NEWS from the LIBRARY of CONGRESS
October 30, 2014
Public contact: Martha Kennedy (202) 707-9115, email@example.com
Swann Foundation Announces Awards for 2014-2015The Caroline and Erwin Swann Foundation for Caricature and Cartoon, administered by the Library of Congress, is awarding fellowships to three applicants for the academic year 2014-2015. Recipients are affiliated with McGill University, the University of California, Santa Barbara, and Northwestern University.
Andrew Benjamin Bricker, a postdoctoral fellow in English at McGill University, recently completed his doctorate in English at Stanford University. He will expand on part of his dissertation "Producing and Litigating Satire, 1670-1792," as he investigates a shift in satire in the second half of the 18th century, when changes in British libel laws made printed political and personal satire legally precarious. Bricker contends that, at mid-century, satire began to migrate from print to visual media, especially caricature and visual satire, and plans to study the wealth of examples held at the Library of Congress. These visual works were executed by key British satirical artists who offered personalized, nasty and popular critiques of their often well-known human targets.
Paul Hirsch is an instructor in the Department of History at the University of California, Santa Barbara, where he also completed his doctorate in American history. Building on his dissertation "Pulp Empire: Comic Books, Cartoons, and U.S. Foreign Policy, 1941-1955," he will examine the dissemination of and impact made by millions of American comic books and cartoon booklets from the early 1940s to the mid-1950s. Hirsch contends that these popular publications, whether uncensored commercial ones or government-sanctioned, worked to define, for a global audience, what it meant to be American—presenting American policymakers with both an opportunity and a challenge. The American government, he contends, met this challenge through a combination of repression and co-optation.
Maureen Warren, a doctoral candidate in art history at Northwestern University, analyzes works of art about domestic political disputes in the Northern Netherlands during the 17th century in her dissertation "Politics, Punishment, and Prestige: Images of Johan van Oldenbarnevelt and the States Party in the Dutch Republic, 1618-1672." The artists creating such work used caricature and satire to mock politicians and religious leaders in Dutch and German news prints and illustrated broadsides. These include the Hauslab Album, a rare collection of prints that depicts European armed conflicts from 1566-1711. Study of the Hauslab imagery and Dutch prints in the Library's collections will contribute to Warren's goal of contextualizing later examples of Dutch political art.
During the coming academic year, the three recipients will collectively conduct research at the Library, in the General Collections and in the Prints and Photographs, Serial and Government Publications, and Rare Book and Special Collections divisions.

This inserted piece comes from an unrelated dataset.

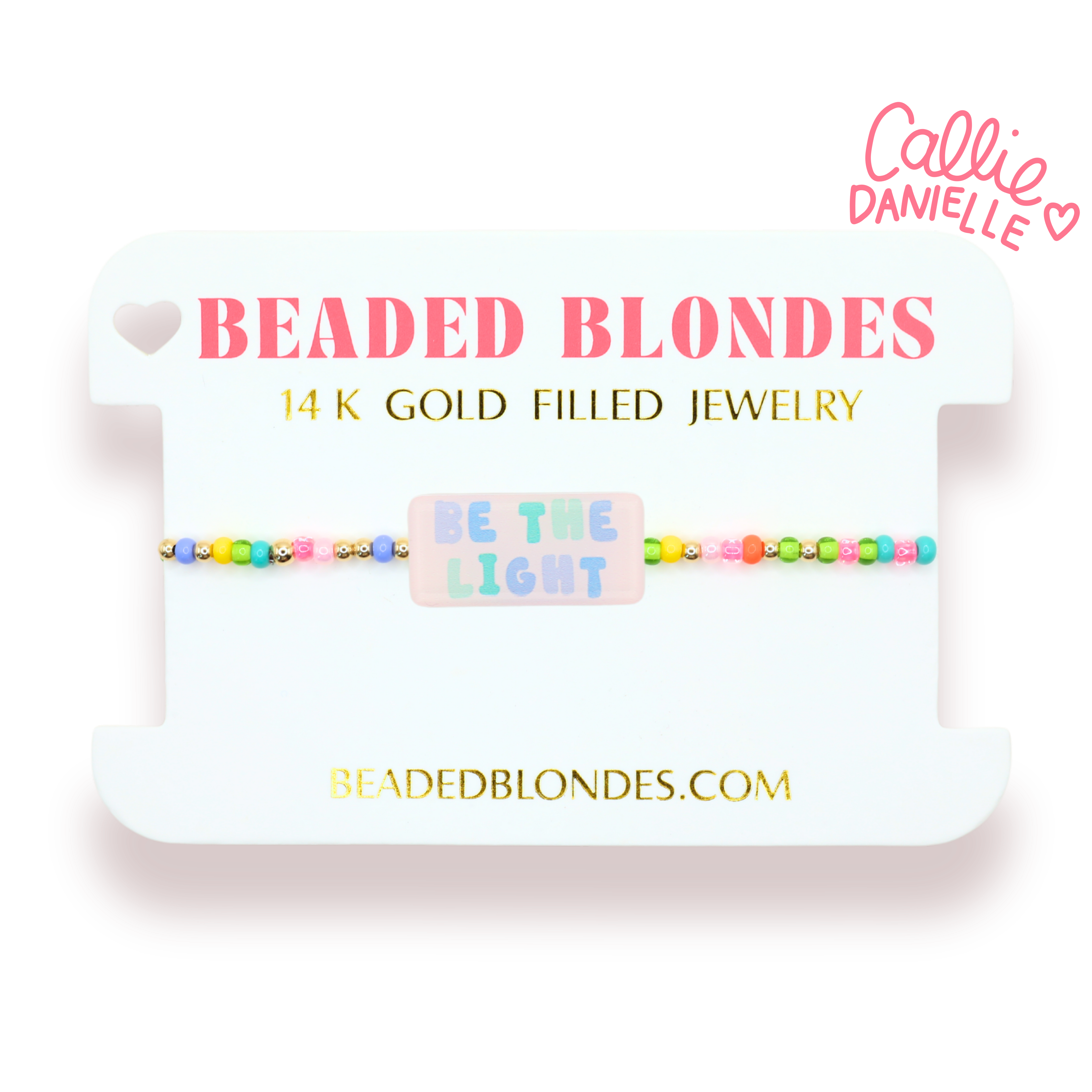Be The Light bracelet is part of the exclusive Beaded Blondes x Callie Danielle collection. Featuring an acrylic bead hand-drawn by Callie herself, it’s a vibrant reminder to spread positivity and sunshine wherever you go. This bracelet is waterproof, beachproof, and sweatproof—making it the perfect accessory for everyday wear!
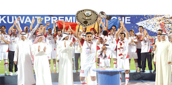 احتفل لاعبو الكويت بلقب بطولة الدوري الممتاز لكرة القدم الـ 11 في تاريخ النادي، عقب انتهاء مباراتهم أمام القادسية مساء أمس على استاد الكويت، حيث توجوا رسمياً باللقب.

New York advertising executive Erwin Swann (1906-1973) established the Swann Foundation for Caricature and Cartoon in 1967. An avid collector, Swann assembled a large group of original drawings by over 500 artists, spanning two centuries, which his estate bequeathed to the Library of Congress in the 1970s. Swann's original purpose was to build a collection of original drawings by significant creators of humorous and satiric art and to encourage the study of original cartoon and caricature drawings as works of art. The foundation's support of research and academic publication is carried out, in part, through a program of fellowships.
The Library of Congress Prints and Photographs Division holds more than 15 million photographs, drawings and prints from the 15th century to the present day. International in scope, these visual collections represent a uniquely rich array of human experience, knowledge, creativity and achievement, touching on almost every realm of endeavor: science, art, invention, government and political struggle, and the recording of history. For more information, visit www.loc.gov/rr/print/.
The Library of Congress, the nation's oldest federal cultural institution and the largest library in the world, holds more than 158 million items in various languages, disciplines and formats. The Library serves the U.S. Congress and the nation both on-site in its reading rooms on Capitol Hill and through its award-winning website at www.loc.gov.